In Trimble's case, it believes to maintain its competitive advantage, it must invest in research and development. Trimble holds over 1800 patents and focuses on not only developing new products but also enhancing existing products and promoting products for market acceptance. Products are developed or enhanced to improve performance, add features, decrease size or weight, or lower cost. Trimble's average spend on R&D compared with revenue is 12%. Through the third quarter of 2012, R&D spend is 23.5% of gross profit.

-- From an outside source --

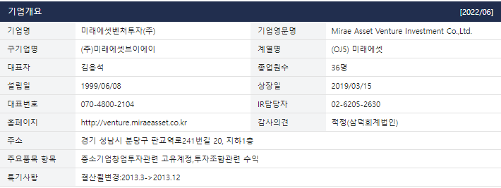 미래에셋벤처투자는 1999년 6월 설립되어 중소기업 창업자에 대한 투자 및 중소기업 창업투자조합자금 관리 등을 주요 사업으로 영위하는 벤처캐피탈 업체이다.

While 2013 still has a level of uncertainty in regard to world economics and construction hesitancy, Trimble is positioning for growth. Trimble Navigation is forecasting five-year revenue growth at 15%-17% per year by further international expansion and market penetration. It is also expecting to grow operating margins from the current 11+% to 20+% by continuing to transition from just sensors to hardware, software and service solutions.
Henry Schein points to the aging population as a major driver of healthcare spending. The industry tends to be recession resistant as well. Besides acquiring new customers, Henry Schein plans to migrate from strictly distribution to providing value-added products and services. It is also utilizing customer loyalty programs to retain and reward valuable customers.
Neither Henry Schein and Trimble Navigation have much cash per share. But, both know where its cash IS going. And, both have a track record of growing revenue and a handle on how to continue. As annual reports are published in February, proponents of "buy high, sell higher" should consider adding Henry Schein and Trimble Navigation to their reading lists.